Do you Remember Penmanship?          


by Tina Blue


          I frequently score essays  for a company that processes the state assessment tests that are becoming so common all across the United States.  I have scored essays from nearly every grade level, from third grade right up to and including high school.  One thing that I have noticed is that at all levels, most students have deplorable penmanship.  It is often a struggle to make out one word out of five in any given essay.  Some essays are so entirely indecipherable that they must be flagged as unscoreable.

                    This problem is not confined to the K-12 level.  As a college instructor I have also noticed a drastic decline in the legibility of my own students' handwriting.  I am famous for my ability to make sense out of nearly indecipherable script, but even I am about ready to throw in the towel.  More and more often I cannot begin to guess what my students' scribbles are intended to represent.

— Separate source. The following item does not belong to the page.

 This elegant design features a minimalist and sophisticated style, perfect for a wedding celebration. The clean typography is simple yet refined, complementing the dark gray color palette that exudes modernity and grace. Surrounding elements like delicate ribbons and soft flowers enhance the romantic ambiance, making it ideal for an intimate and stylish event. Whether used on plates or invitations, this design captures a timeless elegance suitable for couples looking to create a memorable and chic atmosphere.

                    A little over a year ago a student said that I was the only one of her college instructors who would accept handwritten essays, and she thanked me profusely for that policy.  Like many students, she could not afford her own computer, and she often had to go to the computer center alone late at night to type out a paper for another class.  Since she also could not afford a car, every late-night trip to the relatively isolated and poorly lit location of the computer center was a terrifying adventure.  Campus security is not great at KU, and many women--and even one young man--have been raped on this campus over the years.

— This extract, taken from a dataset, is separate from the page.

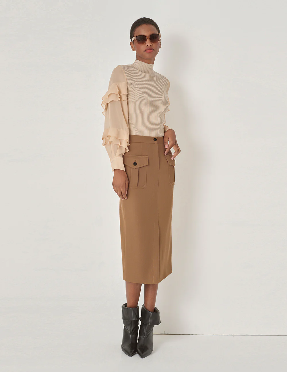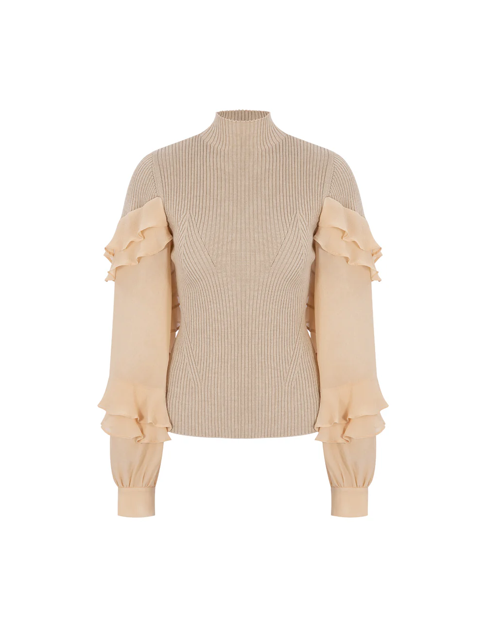 Be the first to review “MARYLING Apricot Ruffle Knit Woven Top CAMEL | Womens knitwear” Cancel reply

                    I have never considered it fair to require all students to use computers when not all students can afford their own, so I have always allowed handwritten work.  But I may have to stop doing so, because over the past few years I have received far too many unreadable papers. 

                    As a tutor for people of all ages with learning disabilities (LDs), one thing I have discovered is that many students with dyslexia and ADD/ADHD have incredibly bad handwriting.  This is not necessarily an attribute of these conditions, but because students with LDs are encouraged to keyboard rather than to write their assignments, they often do not get a chance to practice writing by hand.

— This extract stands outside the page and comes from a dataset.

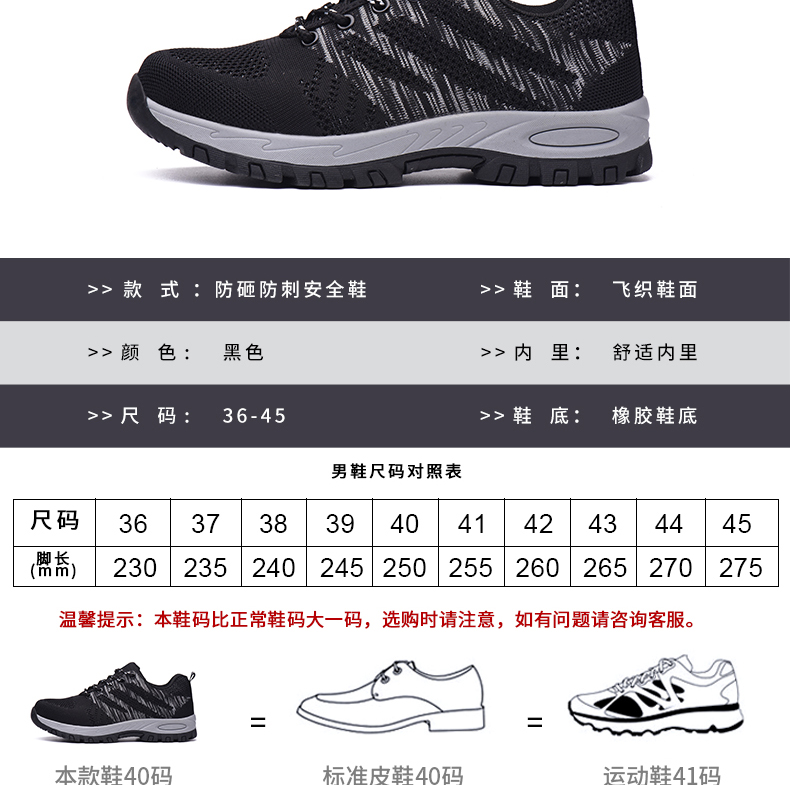 lao guanjia 201 labor protection shoes, anti-smash and anti-puncture work shoes, rubber soles, size 41, no specifications

                    Of course, that is the key.  Writing by hand is a physical activity requiring a fair amount of eye-hand coordination and fine muscle control.  It takes practice to learn to do it well, and if LD students are actively encouraged to avoid writing by hand, then they will not develop a legible script.

                    And now even non-LD students use a computer for much of their schoolwork, and thus do not practice their handwriting, so the awful penmanship I first noticed in my tutoring students is now evident in practically all students.  Furthermore, teachers no longer seem to think they have a right to insist on neat, legible writing from their students.

                    When I was growing up, we learned penmanship.  We not only practiced it, we were given a grade for it.  There were actual consequences for sloppy, illegible handwriting. I do not find penmanship listed on the report cards of the elementary school students I know.  When I ask if they practice penmanship, they tell me that it is taught only in the most perfunctory way.  They learn a little bit in kindergarten, when they first learn to write, but that's about it.

                    With my tutoring students, I look for quick successes at the start of our program.  I have them do exercises that we used in penmanship classes when I was a child.  We called them "loop-de-loos." They were loops of varying sizes that we wrote across the page, making them as evenly sized, evenly slanted,  and evenly spaced as we could. 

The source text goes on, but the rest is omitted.